Don’t envy the athletes

October 21, 2016
Darien Robertson/Freelance Photographer Ledgendary sprinter Usain Bolt (left) and sub-10 king Asafa Powell (right) at the recent Rio celebrations gala and awards ceremony at the National Indoor Sports Centre. Master of ceremonies Jerry D is at centre.

 

Since last weekend there has been debate over whether Government should have spent $82 million celebrating the achievements of our athletes in Rio.

People argued that the money could have been better spent elsewhere. They argue that hospitals need beds and the police need cars.

They argued that the Government was paying athletes who were already rich money for something that they do largely for themselves.
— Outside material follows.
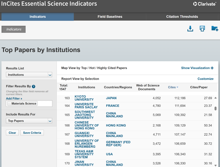 2025年3月西南交大ESI材料科学全球排名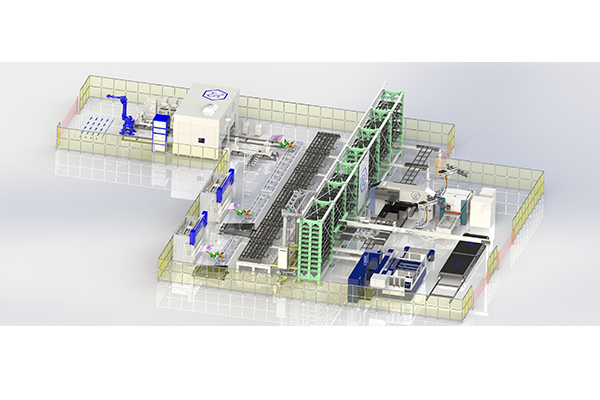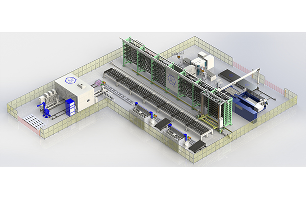 根據(jù)激光機床、沖床的生產(chǎn)計劃,料庫通過運輸小車、自動上下料系統(tǒng),將板材輸送給相應(yīng)機床;

To all these naysayers I say poppycock.

Just to hear the athletes express their gratitude for what was done in their honour was worth the $82 million.

Too many of us however, feel that the government wasted money on the three-day celebrations. Maybe three days was one day too many, but I will never argue that they spend was a waste.

 

positive exposure

 

I would argue, however, that we still owe the athletes some money because the positive exposure they give this country we could never pay for. The success of the athletes help deflect attention from the dire financial straits this country finds itself in and the rampant crime that is threatening to derail everything that has been achieved in the past few years in trying to get Jamaica's economy back on track.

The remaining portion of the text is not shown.